Chief Inspector Armand Gamache and his wife Reine-Marie’s annual celebration of their wedding anniversary at Manoir Bellechasse is rudely disturbed by murder.
Bellechasse, that resplendent former home of Robber Barons, is a legendary log lodge located on a lake close to the Québécois village of Three Pines, home to the Gamaches’ artist friends Peter and Clara Morrow. The Gamaches’ fellow guests, all relatives of Peter and Clara, include the chilly Morrow matriarch, now Mrs. Finney; her oldest son Tom and his constantly carping wife; her lovely daughter Julia, who’s serving her financier husband with divorce papers in jail; and her ragtag daughter Marianna and her androgynous child Bean.

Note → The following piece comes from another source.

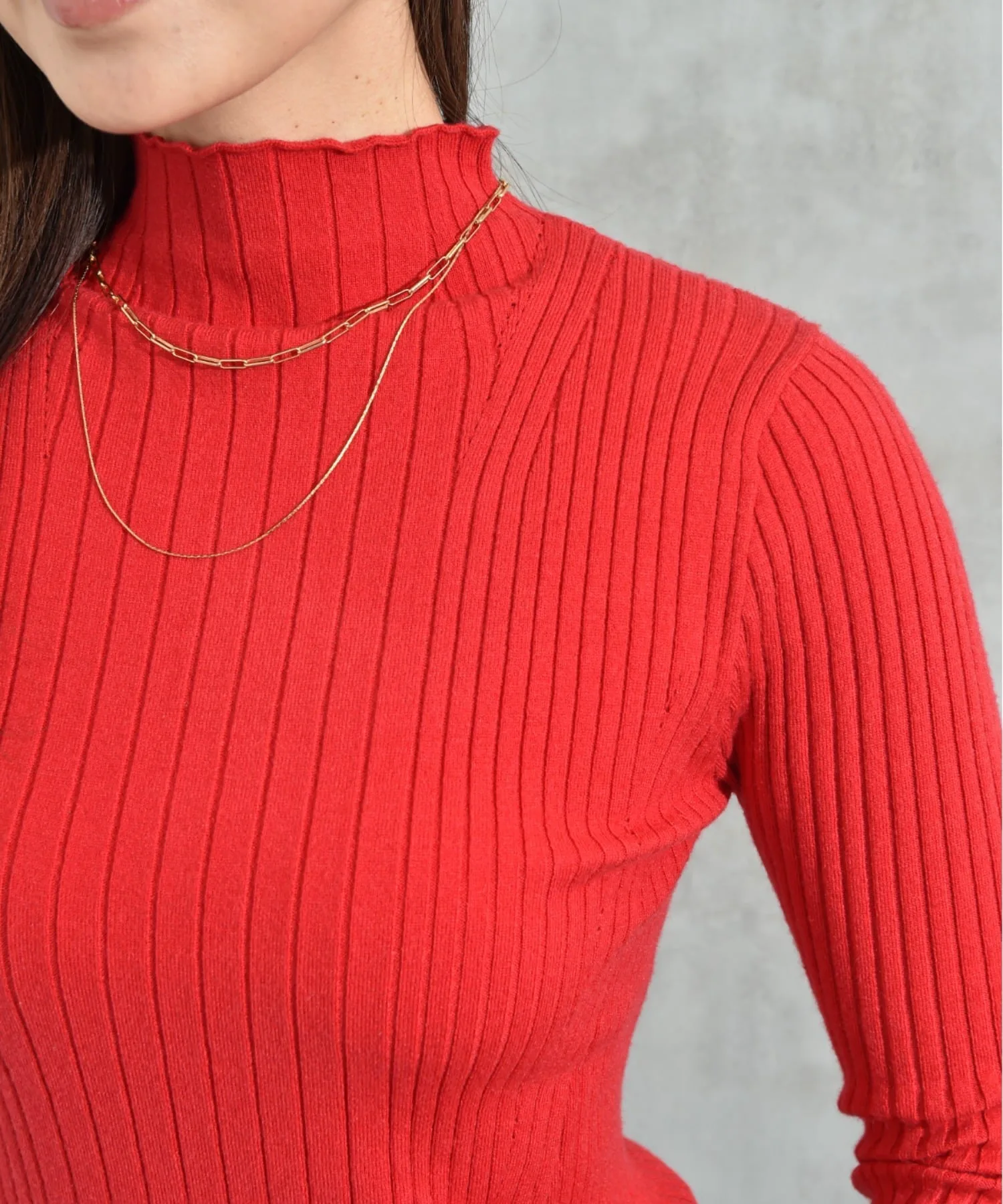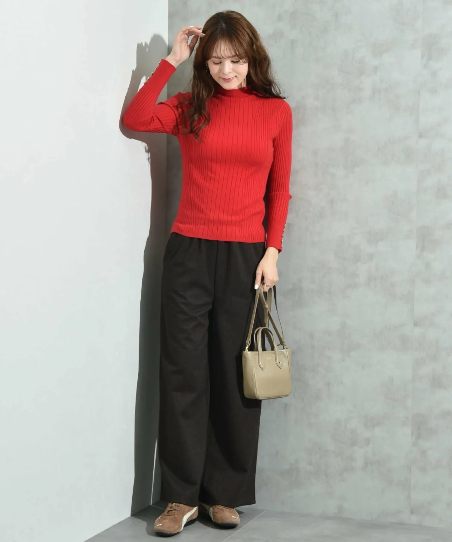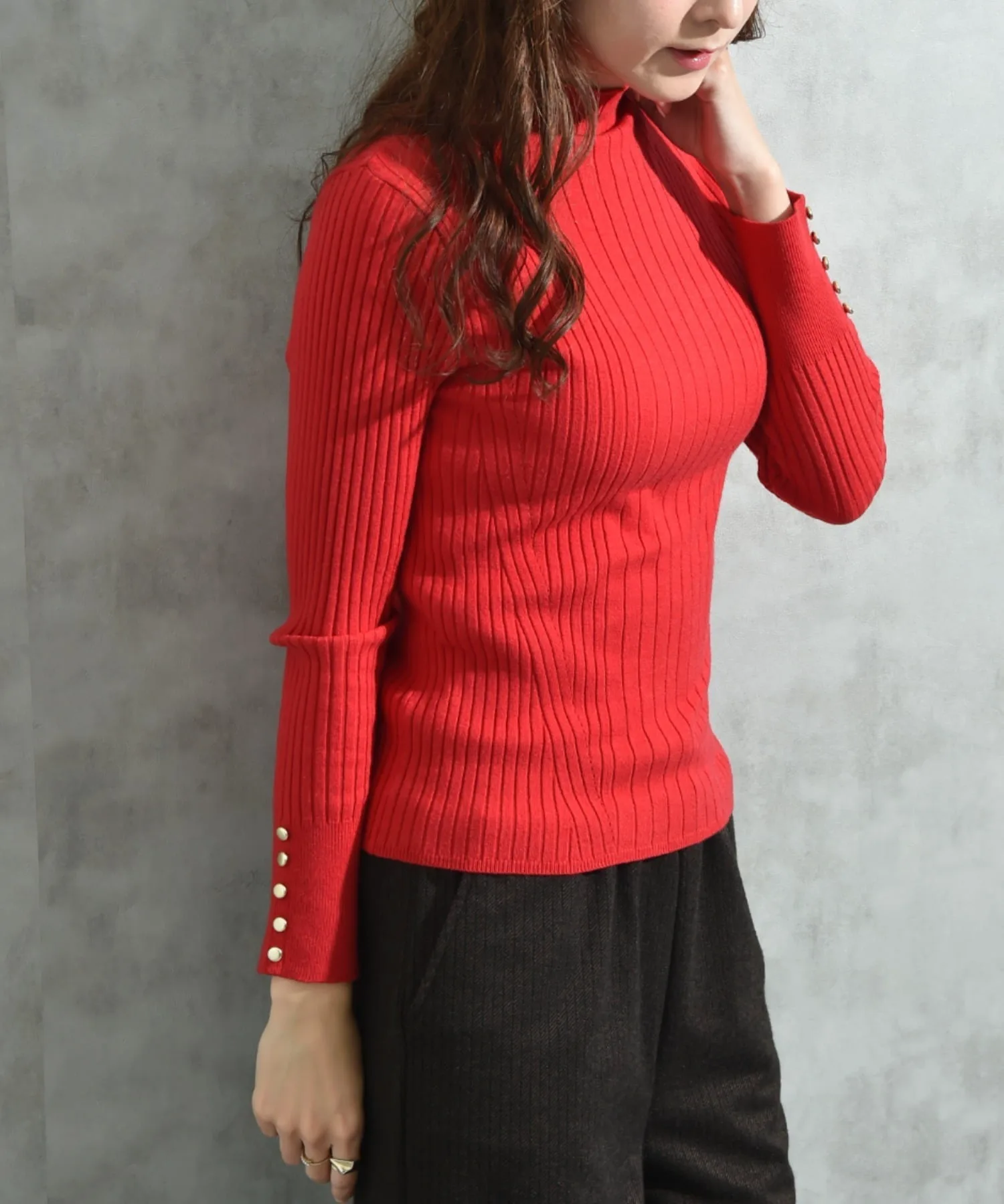 Неровная вязка в области груди и талии создает нежный образ, делая вас более женственной и утонченной. Этот фасон с вырезом-лодочкой также рекомендуется тем, кто не любит высокие воротники. Он плотно облегает шею, поэтому вам не нужно беспокоиться о вырезе. Маленькие золотые пуговицы на манжетах добавляют элегантности вашим рукам.

As at all the best family reunions, the relatives, who rarely speak to each other, break their silence only to hurl words like knives. Their relations grow even chillier when Julia is crushed by a recently placed statue of her father and Gamache and his team call it murder. In a case reminiscent of classic Christie, sagacious, intuitive, patient Gamache finds the family and staff the only suspects, but they’re more than enough. Digging into the family’s background reveals many petty secrets, some nasty. Meantime, sated perhaps with attacks on each other, the Morrows turn on Gamache when they discover his father railed against World War II and became a conscientious objector.
This latest treat in the series (The Cruelest Month, 2008, etc.) will keep fans salivating in anticipation, savoring each delectable morsel and yearning for more.